The new protocol involved a short preoperative counseling session about postoperative pain management. Following that, ambulatory surgery, minimally invasive surgery, or laparotomy patients were prescribed a 7-day supply of nonopioid pain relief. Laparotomy patients were also prescribed a 3-day supply of an oral opioid.

Any patients who required more than five opioid doses in the 24 hours before discharge were also prescribed a 3-day supply of opioid pain medication as needed, and all patients had the option of requesting an additional 3-day opioid refill.

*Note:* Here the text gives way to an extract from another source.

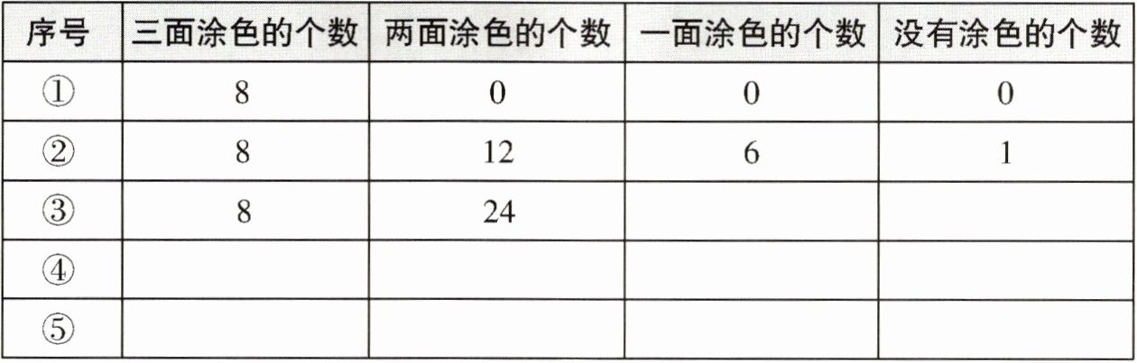|序号|三面涂色的个数|两面涂色的个数|一面涂色的个数|没有涂色的个数|
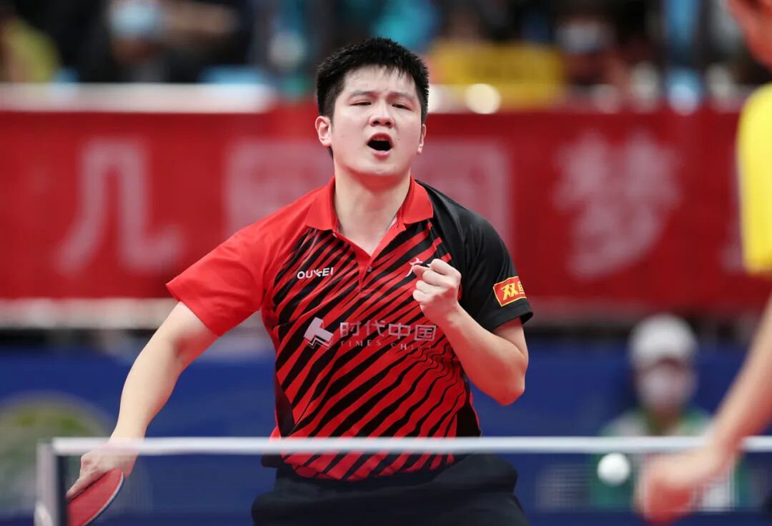 26日晚,全运会乒乓球男子单打决赛中,广东选手樊振东4:0战胜山东选手刘丁硕,夺得金牌。

Researchers saw no significant differences between the two groups in mean postoperative pain scores 2 weeks after surgery, and a similar number of patients in each group requested an opioid refill. There was also no significant difference in the number of postoperative complications between groups.

Implementation of the ultrarestrictive protocol was associated with significant declines in the mean number of opioid pills prescribed dropped from 31.7 to 3.5 in all surgical cases, from 43.6 to 12.1 in the laparotomy group, from 38.4 to 1.3 in the minimally invasive surgery group, and from 13.9 to 0.2 in patients who underwent ambulatory surgery.

“These data suggest that the implementation of a UROPP in a large surgical service is feasible and safe and was associated with a significantly decreased number of opioids dispensed during the perioperative period, particularly among opioid-naive patients,” wrote Jaron Mark, MD, of the department of gynecologic oncology at Roswell Park Comprehensive Cancer Center, Buffalo, N.Y., and his coauthors. “The opioid-sparing effect was also marked and statistically significant in the laparotomy group, where most patients remained physically active and recovered well with no negative sequelae or elevated pain score after surgery.”

The researchers also noted that patients who were discharged home with an opioid prescription were more likely to call and request a refill within 30 days, compared with patients who did not receive opioids at discharge.

The study was supported by the Roswell Park Comprehensive Cancer Center, the National Cancer Institute and the Roswell Park Alliance Foundation. Two authors reported receiving fees and nonfinancial support from the private sector unrelated to the study.